The first topic of the thesis focuses on the Routing and Spectrum Assignment (RSA) problem and is structured into three parts. In the first part, we propose a new decomposition exact modeling of the RSA problem, based on a link decomposition, in order to further improve the scalability of previous exact methods. Solution requires a column generation (CG) algorithm, a powerful decomposition technique, to derive proven ε-optimal solutions, with small ε values.
The second part presents a decomposition model that still aimed at maximizing throughput in the RSA problem, but subject to additional interference (also called. Optical Signal-to-Noise Ratio (OSNR)) constraints using the Gaussian Noise (GN) model. It is built upon the link-based decomposition model from the first part. The solution combines a Tabu Search (TS) to handle non-linear components within a Column Generation algorithm.

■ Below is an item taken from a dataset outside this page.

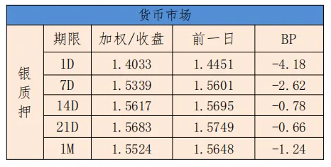 今日银行间市场主要回购利率整体下行。隔夜加权平均利率收盘于1.4033%,上日的收盘价为1.4451%,下行4.18BP;14天收盘价为1.5617%,相比较昨天的收盘价格1.5595%,下行0.78BP。
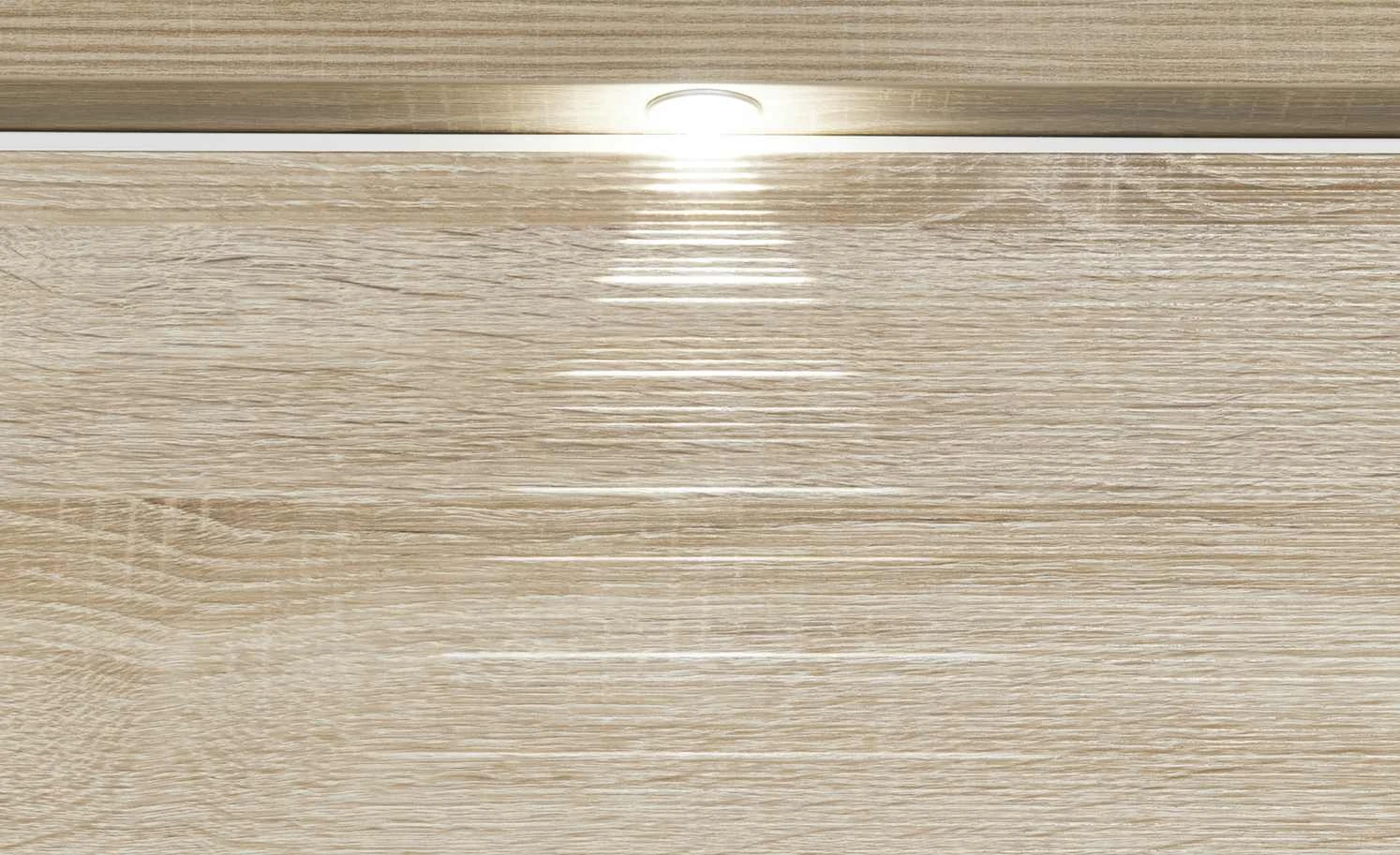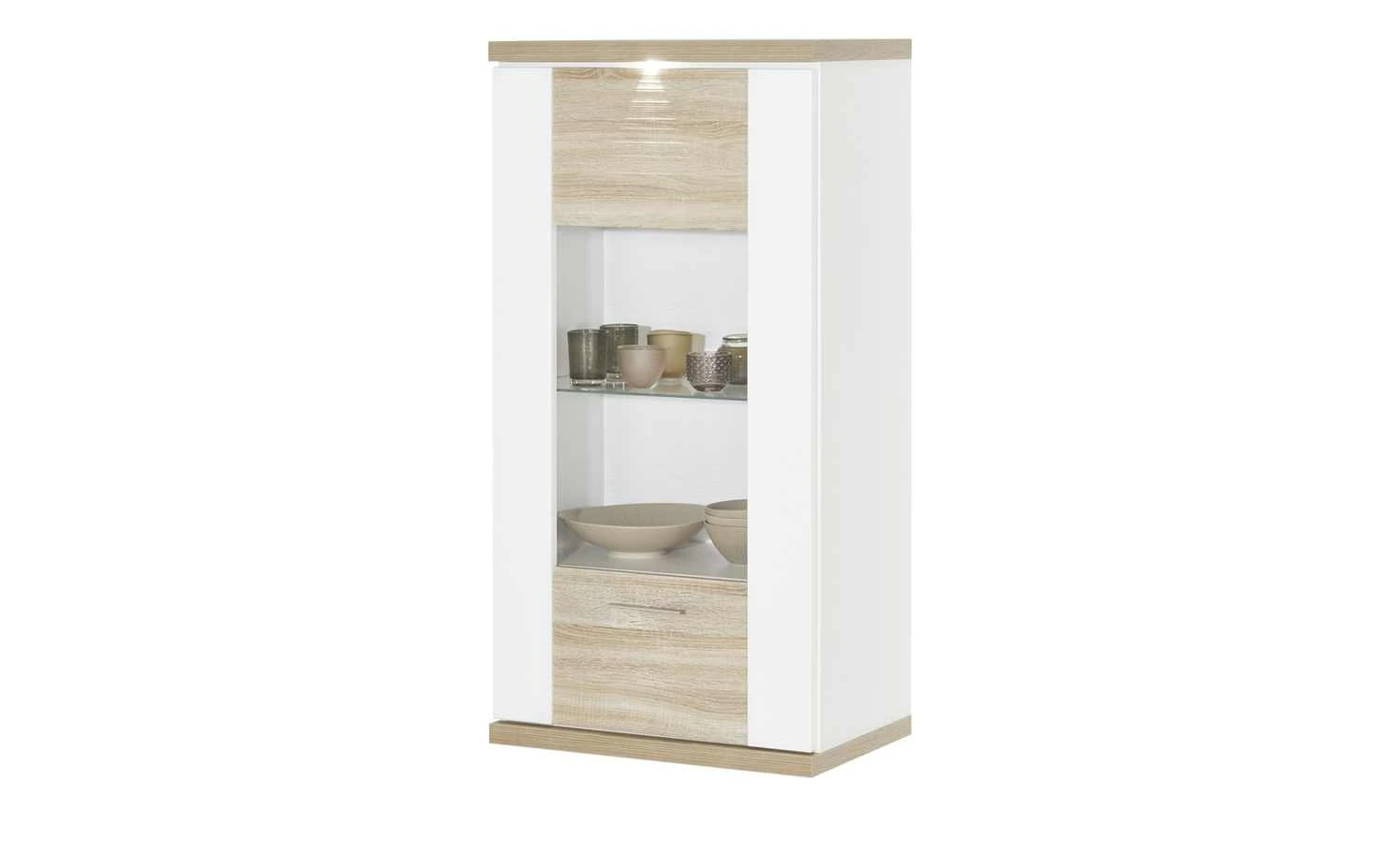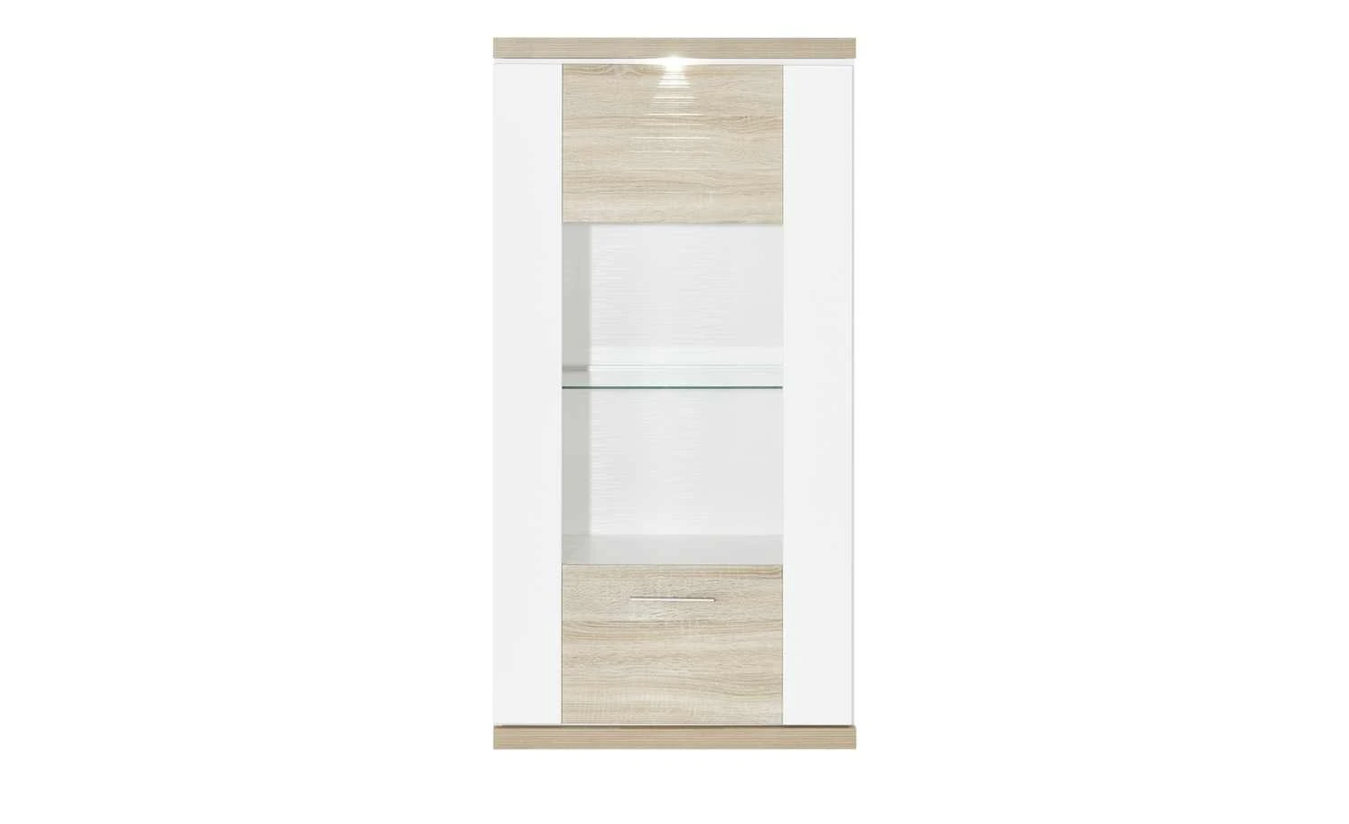 uno Hängevitrine Titan | Weiß / Eiche sägerau (Nachbildung) links Spotbeleuchtung

In the third part, we address the limitations observed in the second part, specifically the suboptimal solution of subproblems resulting from using TS. To overcome this, we propose a reformulation of the subproblems as Maximum Weight Independent Set (MWIS) problems to more effectively handle the non-linearities, and improve on both the scalability and the accuracy of the solutions.
The second topic addresses the challenge of ensuring protection for Service Function Chaining (SFC) requests in an Open Radio Access Network (O-RAN). We investigate two protection schemes (dedicated vs. shared) and two distinct objective functions (availability vs. latency), which both require handling non-linearities in an efficient manner in order to remain with scalable exact solution schemes.